We can put the weekday names in order so that it's easier to identify if there are any trends. To do this, we can specify the `xticklabels` in the required order.

In [None]:
# Create heatmap
fig, ax = plt.subplots(figsize=(12,9))
ax=sns.heatmap(data, 
               annot=True, 
               fmt="0.01f", 
               cmap="Blues",
               xticklabels=['Sunday','Monday','Tuesday','Wednesday','Thursday','Friday','Saturday'])
ax.set_title('Mean Sales by Sub Category')
plt.show()

### Showing Correlation

A correlation matrix can be used to investigate the correlation between numeric values in a DataFrame.

The Pandas `corr` method can generate the correlation matrix on the numeric variables.

Two variables can have
- Strong positive correlation: pearson correlation statistic close to 1 
- Strong negative correlation: pearson correlation statistic close to -1 
- Weak correlation: pearson correlation statistic close to 0

A value of 1 shows perfect correlation and this can be seen when a variable is compared against itself. 

In [None]:
# Correlation matrix

corr_mat = orders.corr()
corr_mat

### Heatmap for Correlation

A heatmap can be used to show the correlation visually where darker colors can be used to indicate stronger correlations.


In [None]:

# Create heatmap
fig, ax = plt.subplots(figsize=(12,9))
ax=sns.heatmap(corr_mat, 
               annot=True, 
               fmt="0.01f", 
               cmap="BrBG")
ax.set_title('Mean Sales by Sub Category')
plt.show()


### Summary

Phew! That is quite a lot of plotting, but in summary:

[Seaborn](https://seaborn.pydata.org/tutorial.html) is integrated with matplotlib but provides an easier interface for grouping categorical variables.

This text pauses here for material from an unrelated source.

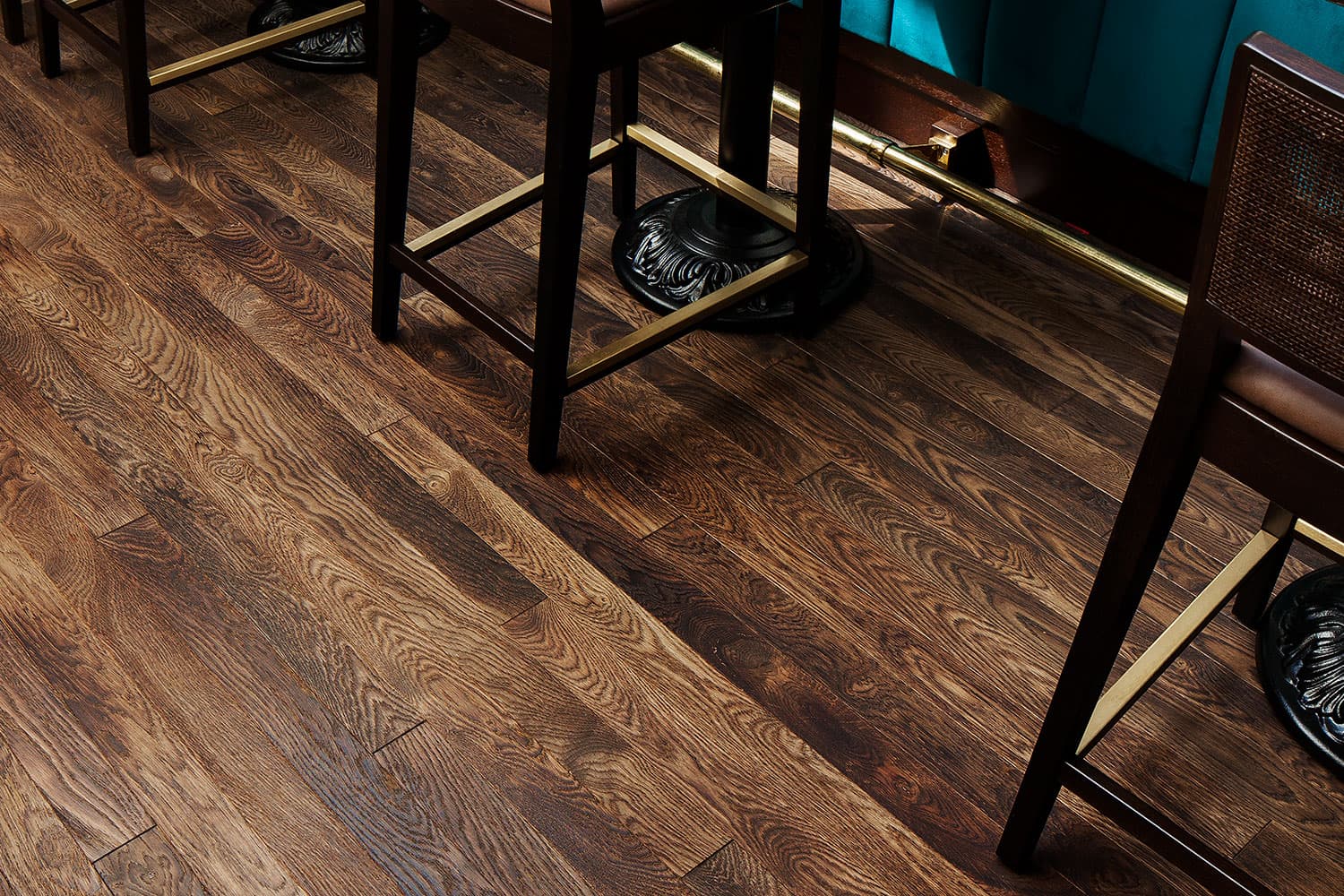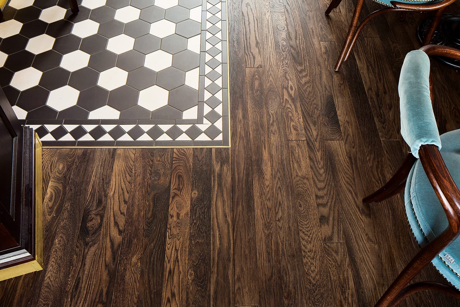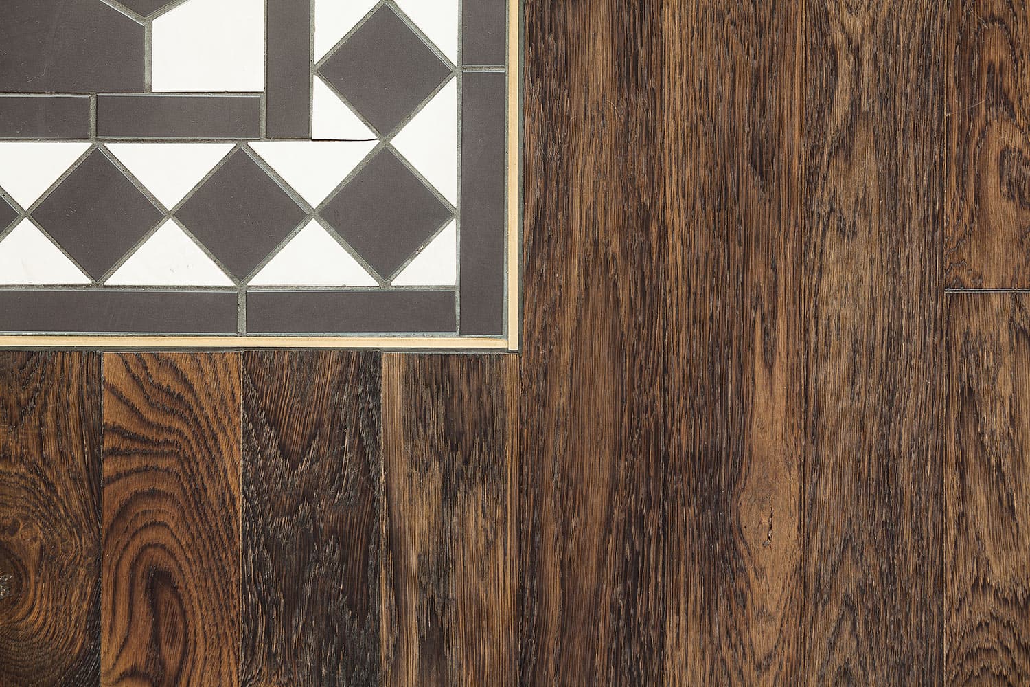 Med massiva trägolv får du enkelt snygga möten mellan olika material.

There are so many other types of plots that you can create in both Seaborn, so do check out the documentation and explore the other types of visualizations.


### Review and Homework

For this homework, we will use the diamonds dataset to create the plots using Seaborn.


In [None]:
# Make sure you have the necessary imports
import pandas as pd
import numpy as np
import matplotlib.pyplot as plt
import seaborn as sns

# Read in the diamonds data set
diamonds = pd.read_csv('datasets/diamonds.csv')
diamonds.head()

Q1. Create a scatter plot using
- data: diamonds
- x-axis: depth
- y-axis: table
- color of markers: cut
- size of markers: price
- transparency: 0.5



In [None]:
#Q1 Answer Using Seaborn


Q2. Use facets to separate the plots by cut.


In [None]:
#Q2 Using Seaborn


Q3. Draw Bar Charts to compare the mean prices by Cut and Clarity


In [None]:
#Q3 Using Seaborn


Q4. Generate the correlation matrix to check the correlation between the numeric variables in the diamonds dataset.

In [None]:
# Q4 answer 


Q5. Use the correlation matrix in a heatmap to determine the variables which are most highly correlated

In [None]:
#Q5 Answer using seaborn


Go ahead and try the other plots available in Seaborn to explore the data!